Salivary urea and uric acid levels as biomarkers in dental caries: in vivo study

Gagan Raj, Dhananjaya Kumar, Suma B. S., Garima Mangal


Background: A new approach in caries research is focused on the fact that salivary Substrates, like urea and uric acid, may play an important role in biofilm pH, homeostasis and in inhibiting dental caries and thus act as biomarker.

 Methods: A clinical in vivo study was conducted in Dental college of Patna among simple random sample of 30 dental students (10 caries active and 20 caries free based on DMFT index) and of age group 18-25 years after satisfying the inclusion and exclusion criteria. Unstimulated saliva samples of dental students were collected at Coachman position using draining technique and salivary urea and uric acid estimation done at private pathology laboratory, Patna.

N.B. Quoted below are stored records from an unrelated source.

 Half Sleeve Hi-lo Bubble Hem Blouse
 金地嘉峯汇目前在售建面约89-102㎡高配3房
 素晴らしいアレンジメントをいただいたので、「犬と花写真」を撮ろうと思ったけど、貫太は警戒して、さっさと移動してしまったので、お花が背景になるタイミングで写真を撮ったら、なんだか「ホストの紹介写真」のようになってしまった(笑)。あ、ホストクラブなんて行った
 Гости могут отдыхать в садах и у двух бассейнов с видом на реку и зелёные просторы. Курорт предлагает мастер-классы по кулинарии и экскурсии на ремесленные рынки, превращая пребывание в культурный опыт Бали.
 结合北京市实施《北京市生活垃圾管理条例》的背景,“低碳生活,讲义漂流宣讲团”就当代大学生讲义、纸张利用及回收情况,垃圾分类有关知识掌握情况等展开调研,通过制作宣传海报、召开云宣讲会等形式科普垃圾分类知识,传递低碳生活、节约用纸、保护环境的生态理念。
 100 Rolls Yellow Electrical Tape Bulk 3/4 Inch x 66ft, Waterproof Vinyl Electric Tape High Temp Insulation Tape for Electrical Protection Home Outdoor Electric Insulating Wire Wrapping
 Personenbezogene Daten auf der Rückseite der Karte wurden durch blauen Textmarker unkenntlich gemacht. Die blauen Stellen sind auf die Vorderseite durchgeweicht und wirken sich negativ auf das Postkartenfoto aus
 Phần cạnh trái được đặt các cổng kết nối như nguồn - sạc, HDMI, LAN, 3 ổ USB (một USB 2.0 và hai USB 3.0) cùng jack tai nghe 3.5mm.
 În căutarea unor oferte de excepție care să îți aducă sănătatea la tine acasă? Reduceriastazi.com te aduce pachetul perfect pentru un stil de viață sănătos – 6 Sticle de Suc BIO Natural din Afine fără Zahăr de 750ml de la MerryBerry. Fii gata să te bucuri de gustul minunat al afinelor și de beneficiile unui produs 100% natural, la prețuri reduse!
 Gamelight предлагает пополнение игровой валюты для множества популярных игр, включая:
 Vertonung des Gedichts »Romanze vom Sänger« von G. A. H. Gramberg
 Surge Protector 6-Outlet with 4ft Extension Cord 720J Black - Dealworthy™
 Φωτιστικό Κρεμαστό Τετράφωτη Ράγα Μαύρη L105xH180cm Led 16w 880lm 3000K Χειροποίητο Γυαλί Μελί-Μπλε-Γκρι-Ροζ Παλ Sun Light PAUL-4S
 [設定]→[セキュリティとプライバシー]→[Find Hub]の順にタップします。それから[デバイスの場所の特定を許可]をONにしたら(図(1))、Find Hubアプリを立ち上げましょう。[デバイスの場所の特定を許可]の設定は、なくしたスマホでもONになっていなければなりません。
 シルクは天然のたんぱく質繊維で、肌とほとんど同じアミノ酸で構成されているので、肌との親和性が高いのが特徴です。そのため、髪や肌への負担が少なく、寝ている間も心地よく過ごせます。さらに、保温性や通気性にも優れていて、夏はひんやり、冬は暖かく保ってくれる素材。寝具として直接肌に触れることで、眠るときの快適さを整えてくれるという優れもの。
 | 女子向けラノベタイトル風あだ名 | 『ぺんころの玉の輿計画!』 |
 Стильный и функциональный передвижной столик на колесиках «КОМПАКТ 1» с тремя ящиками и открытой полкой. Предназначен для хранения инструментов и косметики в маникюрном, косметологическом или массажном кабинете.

Results: The mean for urea level was higher among Caries free Group (61.15±18.85) as compared to Caries group (9.91±3.64) while the mean uric acid level was higher among Caries group (10.19±2.16) as compared to caries free group (5.25±2.78). The caries experience when assessed by correlating the DMFT Score with salivary urea and salivary uric acid concentration, it was found that the DMFT Score is in negative correlation with urea level (r=-0.790) and positive correlation with uric acid level (r=0.751) suggesting when salivary urea level increases there was decrease in caries rate and vice versa.

Conclusions: Thus value of salivary urea and uric acid in adolescence can serve as a parameter for determining the risk of caries, thus acting as biomarkers in dental caries and this, in turn, can be used in the planning and implementation of appropriate caries preventive measures.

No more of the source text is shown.